Moreover, under the sun exposure, outdoor objects will continue to accumulate energy, causing their surface and internal temperature to rise rapidly. For example, tank cars, industrial storage tanks, buildings, automobiles, etc., are exposed to the sun in summer. Different degrees of rise, so in order to suppress the increase of the surface temperature of the object, water spray, cooling circulation system, air conditioning and other measures are often used to cool down, which not only requires external power supply, but also wastes valuable resources such as water resources and electricity. It is also difficult to get the best cooling efficiency.

So, some people later applied a layer of thermal insulation coating on the outer surface of the building. In order to improve the above problems, for example, the Republic of China Certificate No. I397565 (Application No. 099120089) discloses an insulating coating composition and a heat insulating material obtained by using the same, which comprises a styrene-acrylate copolymer resin emulsion; Burnt dolomite.

In addition, the Republic of China certificate number I381026 (application number 097151201) reveals a Insulating fireproof coating comprising a cementing liquid and an insulating cement powder dispersed in the cementing liquid, the cementing liquid being selected from the group consisting of alkali metal silicates, alkali metal aluminates, or a combination thereof And the heat-insulating cement powder is selected from the group consisting of ruthenium, aluminum, or a combination thereof. However, the case emphasizes the use of inorganic materials of metal salts, and although these materials have thermal insulation effects, the cost of raw materials is relatively high.

Therefore, how to eliminate the above-mentioned defects, that is, the inventor of this case wants to solve the technical difficulties.

In view of the above disadvantages, the present invention aims to provide an insulated/insulated vacuum chamber additive and a coating thereof, by adding an oxide to the additive and oxidizing the cerium oxide through the oxide system.

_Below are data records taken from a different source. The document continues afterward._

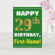 Cartão Negrito, Verde, Faux Dourado 29º Aniversário com C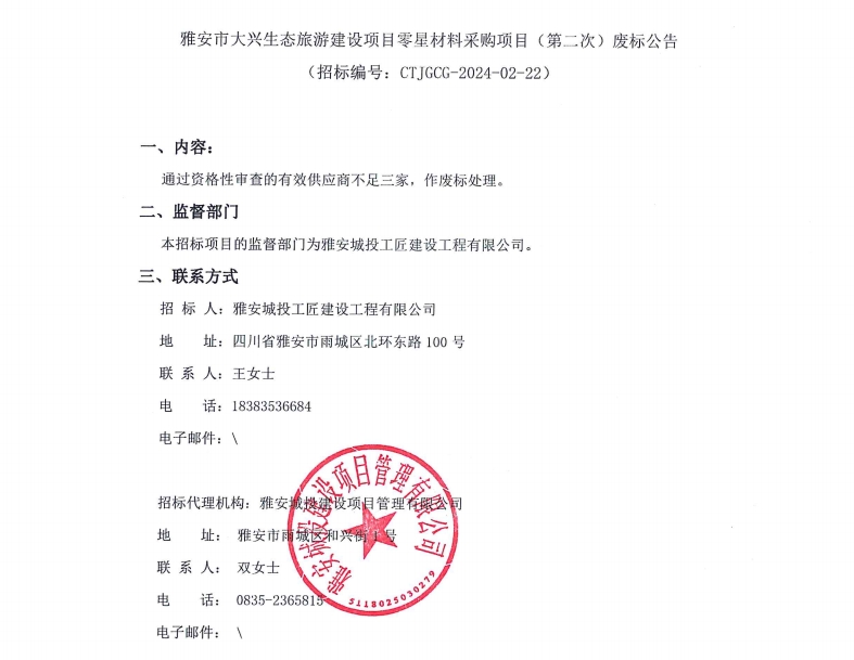 雅安市大興生態(tài)旅游建設(shè)項(xiàng)目零星材料采購項(xiàng)目(第二次)廢標(biāo)公告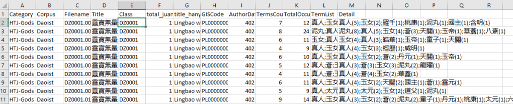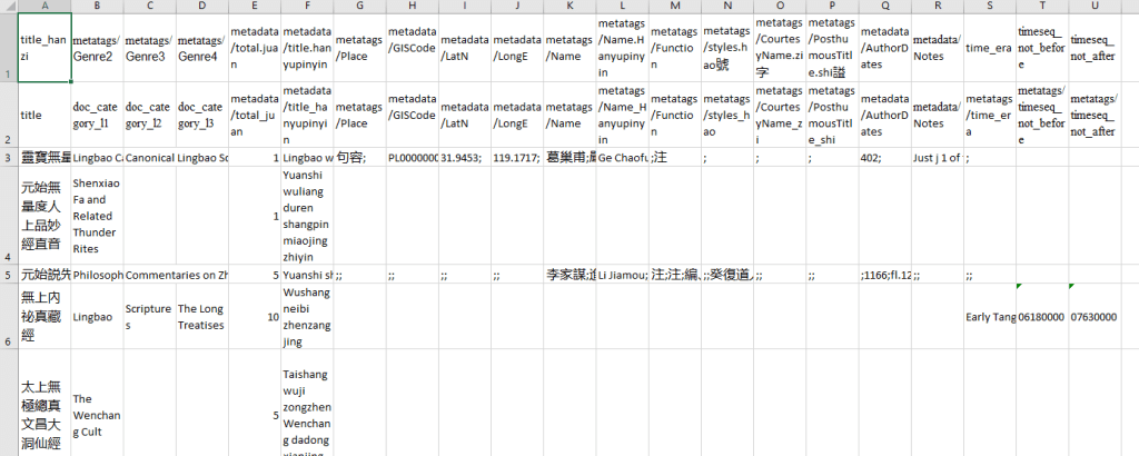 The CSV, when opened in Excel, turns up like this. We will be attaching the Daoist Canon’s metadata so it can be employed in analysis. You can also click on “Open Palladio” on the Tagstats page which will bring you to Palladio’s data upload page.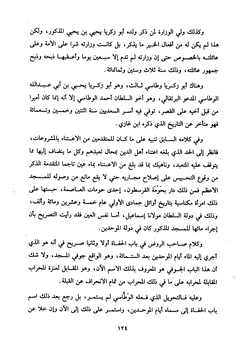 وكلام صاحب الروض في باب الحفاة أولا وثانيا صريح في أنه هو الذي أجري إليه الماء أيام الموحدين بعد الستمائة، وهو الواقع جوفي المسجد، ولا شك أن هذا الباب الجوفي هو المعروف بذلك الاسم الآن، وهو المقابل لعنزة المحراب المقابلة لمحرابه على ما في ذلك المحراب من تمام الانحراف عن القبلة.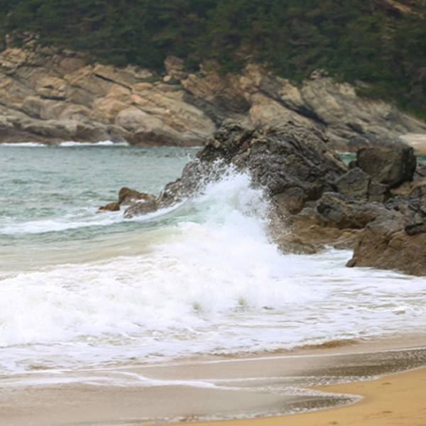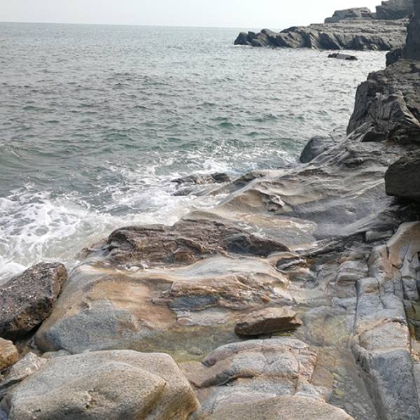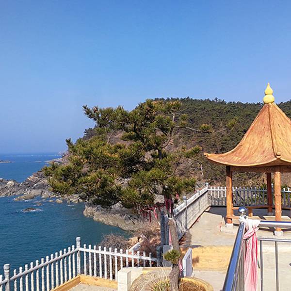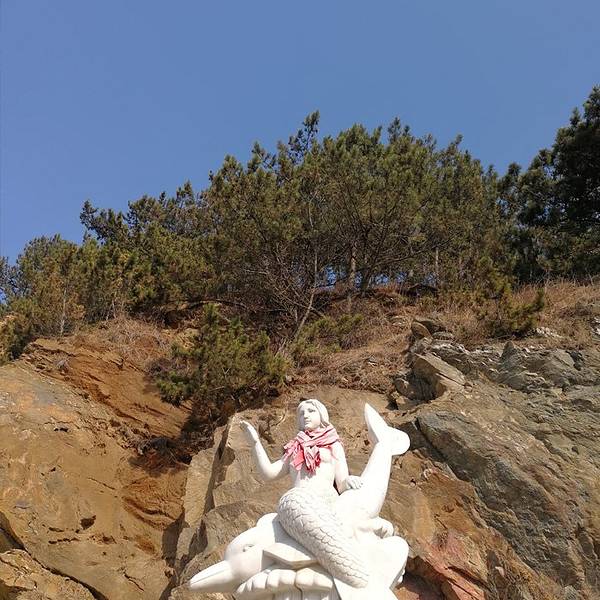 哈仙岛祥瑞园是一座鹅卵石滩涂与祈福的小公园组成。依山面海而建的祥瑞园,海神娘娘面向大海,背靠青山,保佑渔民出海平安丰收,观景台可以看到海天一线景色,“神龟探海”、“千年灵芝”、“百年不老松”是形似的岩石组成并附有传说。我更喜欢这里的风景,让人心胸开阔。而公园下方的鹅卵石滩涂,是哈仙岛另一面大海,大海青绿色,铺满了鹅卵石,圆润而光亮的鹅卵石及礁石,是小朋友的乐园,翻石头,捉螃蟹。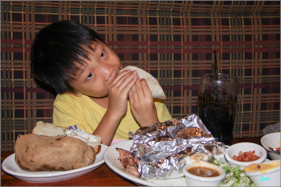 小狼說牛排、烤馬鈴薯好好吃喔!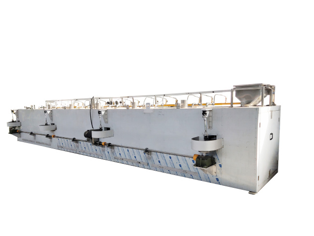 全自動平面回轉(zhuǎn)烤爐主要用于堅果炒貨及籽類產(chǎn)品裹衣裹粉后的烘烤加工。采用直燃式加熱方式,熱量直接作用于食品上,烘烤香味更濃郁,并通過設(shè)備的搖擺避免食品粘連變形。具有烘烤口味色澤優(yōu)良, 沒有污染等特點(diǎn)。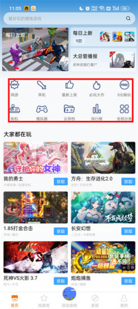 1、打开应用后,在首页浏览各类游戏分类;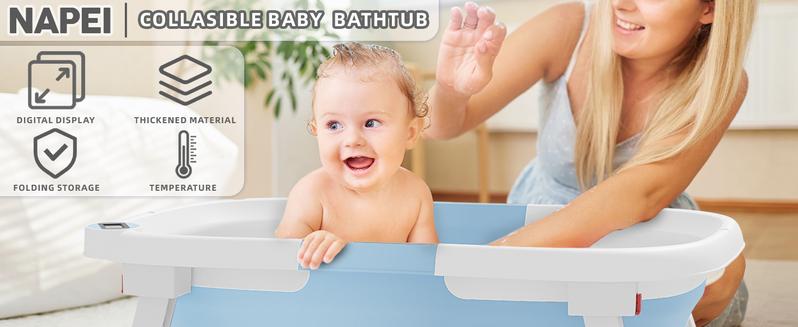 - 【Visible Temperature】Baby Bathtub is equipped with a temperature sensor, convenient for parents to adjust the water temperature in time. Ensure the safety and comfort of the baby when bathing.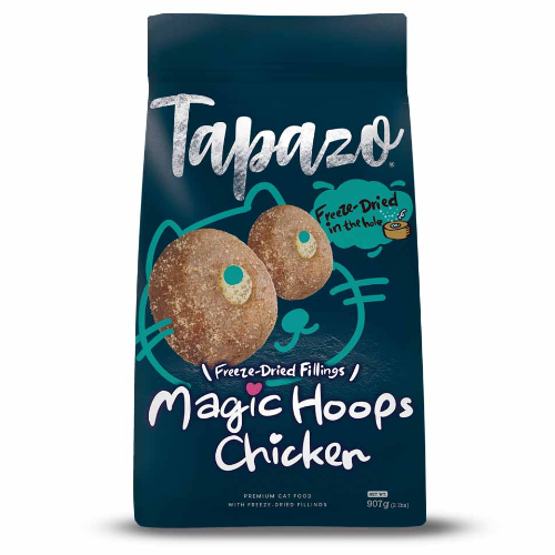 Tapazo特百滋凍乾填心糧,利用獨門填心技術,外圈是酥脆美味乾糧,添加了貓咪常見需要的泌尿保健成分,中間填入高品質進口肉類製成的7%雞肉凍乾,口口都是美味。幫助泌尿保健的機能型乾糧,符合AAFCO全齡貓營養標準。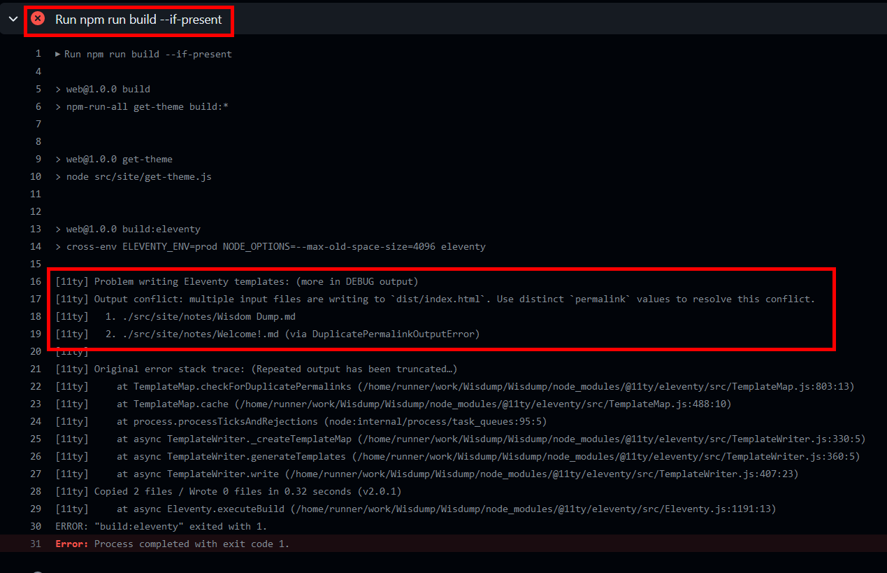 If you’re getting an 11ty error during the build, you may have 2 or more files with dg-home set to true or pages with duplicate names/links.

Aluminum, iron oxide, magnesium oxide, sodium oxide, potassium oxide, titanium dioxide, carbon monoxide and calcium oxide, so that the invention can achieve the effect of reducing and reflecting / refracting sunlight, infrared, heat conduction and radiant heat, so as to achieve effective heat insulation The purpose of absolute cold.

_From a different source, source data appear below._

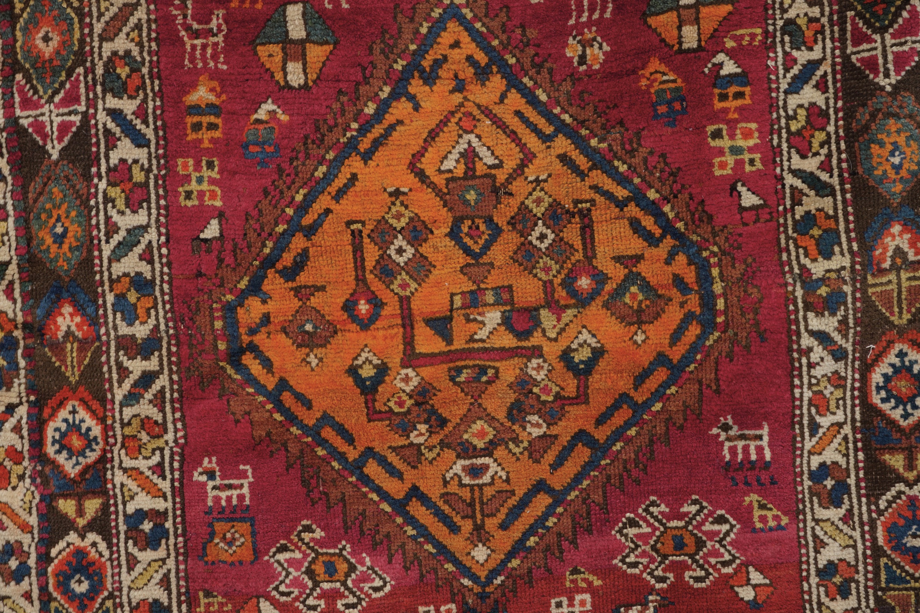 campo rosso con medaglioni sovrapposti, circondati da gul, animali, bothe, figure e alberi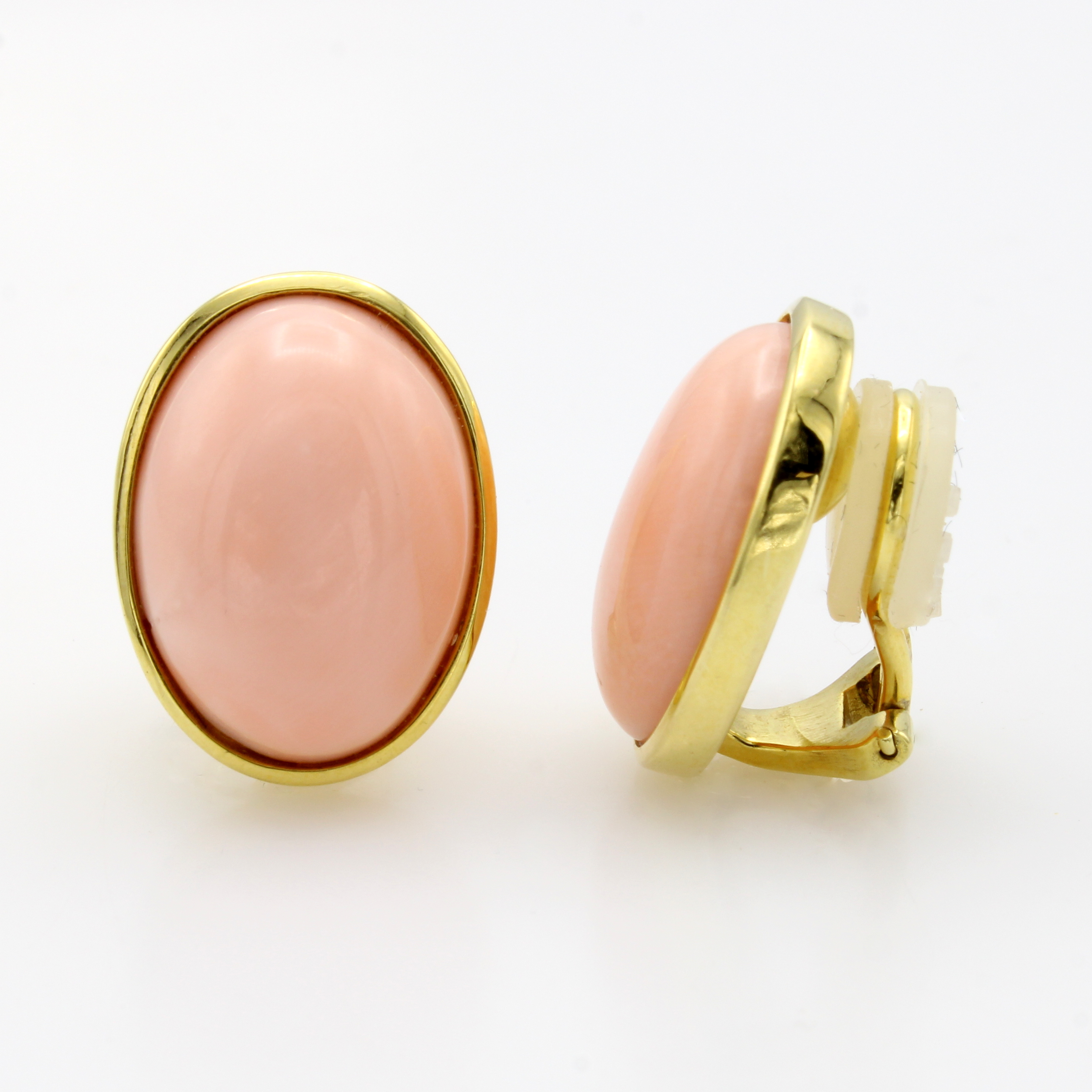 Paar Ohrclips mit Korallen, GG 585/000, 2 ovale, rosa Korallen zus. ca. 19 ct, Versand nur innerhalb der EU Schätzpreis: 3000, - EUR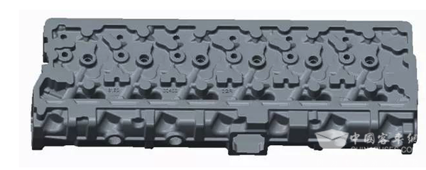 WP9H气缸盖三维图 “这类铸件在铸造过程中极易出现变形、断芯和芯砂烧结等情况,造成生产过程中效率低、尺寸一致性差等问题,这是需要我们重点攻克的难点之一。” 铸造工程师说道。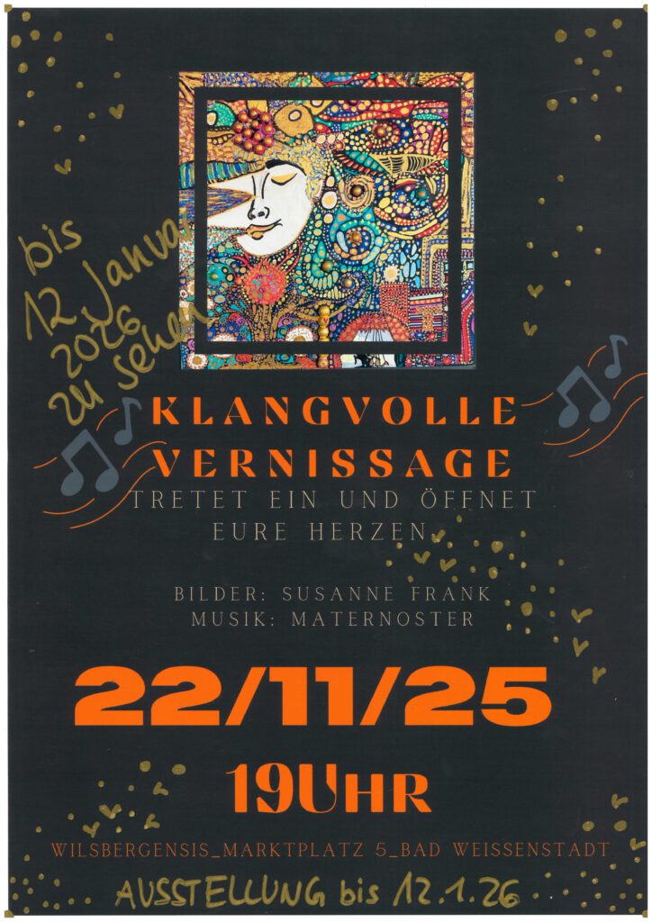 Susanne Frank, Klangvolle Vernissage „tretet ein und öffnet Eure Herzen“, 22.11.2025 bis 12.01.2026

In order to achieve the above object, the present invention provides an insulated/insulated vacuum chamber additive and a coating thereof, which are coated with different proportions of oxides in the coating, characterized in that the oxide is sintered by the following components by weight Made of: cerium oxide (SiO ₂ ) 45%~69%

Wherein the substrate of the coating is any one or a combination of the following materials: resin, water, auxiliary agent, pore expanding agent; the present invention provides an insulated/insulated vacuum chamber additive and a coating thereof, by An oxide is added to the additive, and the oxide is composed of cerium oxide, aluminum oxide, iron oxide, magnesium oxide, sodium oxide, potassium oxide, titanium oxide, carbon monoxide and calcium oxide, so that the present invention can be reduced. And the effect of reflection/refraction of sunlight, infrared, heat conduction and radiant heat, so as to achieve effective heat insulation and cold insulation.

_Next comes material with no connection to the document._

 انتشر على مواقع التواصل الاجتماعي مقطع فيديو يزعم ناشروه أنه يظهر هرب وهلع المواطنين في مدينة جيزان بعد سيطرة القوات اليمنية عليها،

In order to further understand the features and technical contents of the present invention, please refer to the following detailed description and drawings of the present invention. However, the drawings are only for illustrative purposes and are not intended to limit the creation.

A‧‧‧ coating

B‧‧‧ coating

C‧‧‧ coating

D‧‧‧Surface of mixed insulation composition

E‧‧‧Insulation of mixed insulation composition

I‧‧‧ indoor

X‧‧‧Uncoated

X _in ‧‧‧Indoor without mixed cement board

X _o ‧‧‧ Surface without mixed cement board

△ t ₁ ‧‧‧temperature difference

△ t ₂ ‧‧‧temperature difference

△ t ₃ ‧‧‧temperature difference

The first figure is a test curve of the first embodiment of the insulated/insulated vacuum chamber additive of the present invention.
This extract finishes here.